🤖 AI Summary
This work addresses key challenges in infant cry classification—namely, the short-duration non-stationarity of cry signals, scarcity of labeled data, and domain shifts across infants and datasets—by proposing a multimodal fusion framework with efficient temporal modeling. The approach integrates MFCC, STFT, and fundamental frequency features through a multi-branch CNN encoder and replaces conventional LSTMs with parameter-efficient Legendre Memory Units (LMUs) to robustly capture temporal dynamics. An entropy-weighted posterior ensemble mechanism is further introduced to mitigate domain shift while preserving domain-specific knowledge. Cross-dataset evaluations on Baby2020 and Baby Crying demonstrate substantial improvements in macro F1-score, support real-time deployment, and validate effectiveness under a leakage-aware data split.
📝 Abstract
Decoding infant cry causes remains challenging for healthcare monitoring due to short nonstationary signals, limited annotations, and strong domain shifts across infants and datasets.
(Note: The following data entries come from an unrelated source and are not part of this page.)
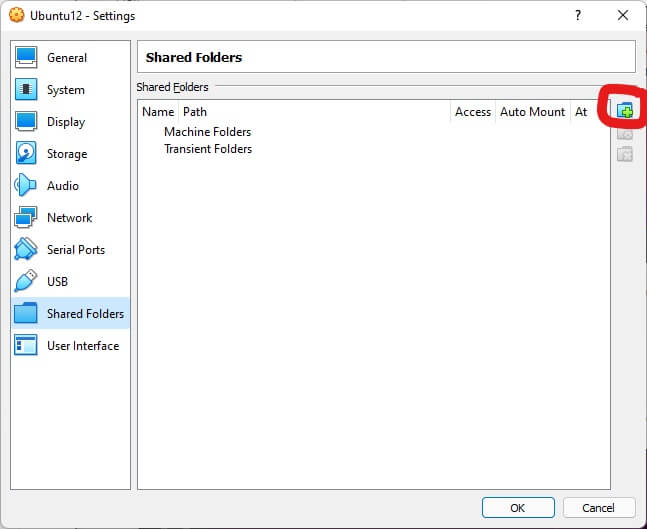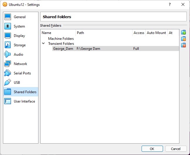 When you’re done, select OK, and you should see your shared folder listed under transient folders. Remember, we’re just testing whether the guest additions are working properly; you can always go back and make your shared folder permanent.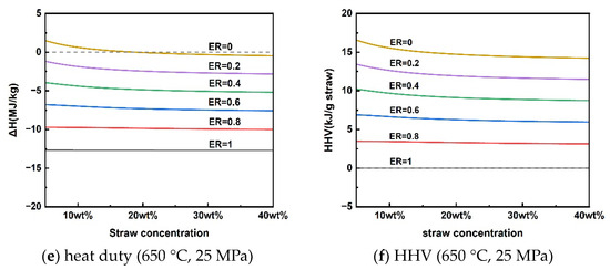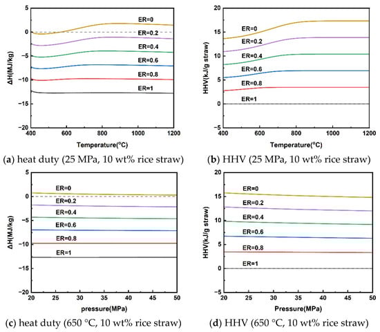 Clarifying the energy changes in the rice straw SCWG gasification process can facilitate energy matching to accelerate the reaction process, of which the reaction heat duty is an important indicator. Consumption of some of the hydrogen-rich gas can provide energy to the gasification process, as shown in Equations (16)–(18). This section analyzed the heat duty of the gasification process as well as the HHV of the gaseous products under different variations of reaction parameters by adding different levels of oxygen, i.e., the oxygen equivalence ratio (ER). The ER can be calculated using Equation (19), if the chemical formula of rice straw is assumed to be CxHyOz, according to elemental analysis of mass fractions. The simulation was calculated assuming an isothermal process and focusing only on the reaction process without including the heating process of the material and the preheated water.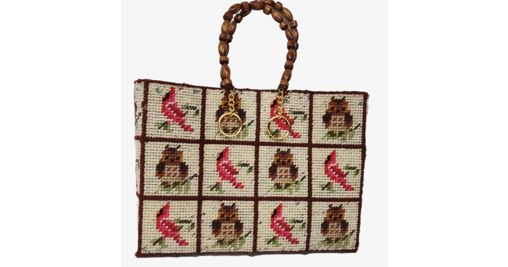 Vintage 1960s 70s OWL Patchwork Purse Handbag Cardinals Folk Art Needlepoint Wooden Bead Handle MCM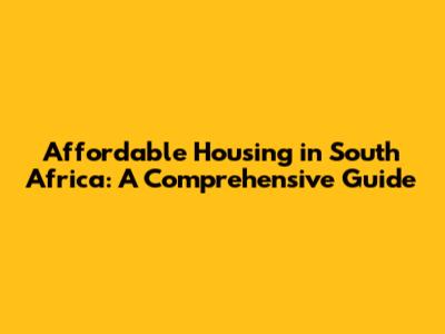 Affordable Housing In South Africa: A Comprehensive Guide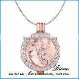 New Design Creative Crystal Insert Love Coin Locket Necklace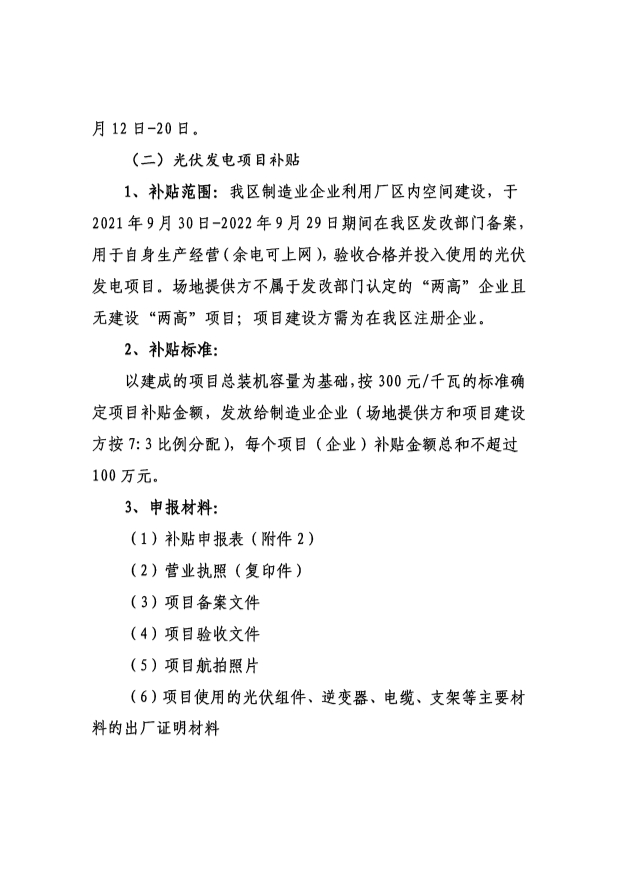 12月10日,廣東省肇慶高新區(qū)發(fā)展規(guī)劃和國(guó)土資源局、肇慶高新區(qū)經(jīng)濟(jì)貿(mào)易和科技局發(fā)布《關(guān)于進(jìn)一步明確申報(bào)光伏發(fā)電、儲(chǔ)能和冰蓄冷項(xiàng)目補(bǔ)貼有關(guān)事項(xiàng)的通知》,《通知》中提到:我區(qū)制造業(yè)企業(yè)利用廠區(qū)內(nèi)空間建設(shè),于2021年9月30日-2022年9月29日期間在我區(qū)發(fā)改部門(mén)備案,用于自身生產(chǎn)經(jīng)營(yíng)(余電可上網(wǎng)),驗(yàn)收合格并投入使用的光伏發(fā)電項(xiàng)目。

We propose a compact acoustic framework that fuses MFCC, STFT, and pitch features within a multi-branch CNN encoder and models temporal dynamics using an enhanced Legendre Memory Unit (LMU). Compared to LSTMs, the LMU backbone provides stable sequence modeling with substantially fewer recurrent parameters, supporting efficient deployment. To improve cross-dataset generalization, we introduce calibrated posterior ensemble fusion with entropy-gated weighting to preserve domain-specific expertise while mitigating dataset bias. Experiments on Baby2020 and Baby Crying demonstrate improved macro-F1 under cross-domain evaluation, along with leakageaware splits and real-time feasibility for on-device monitoring.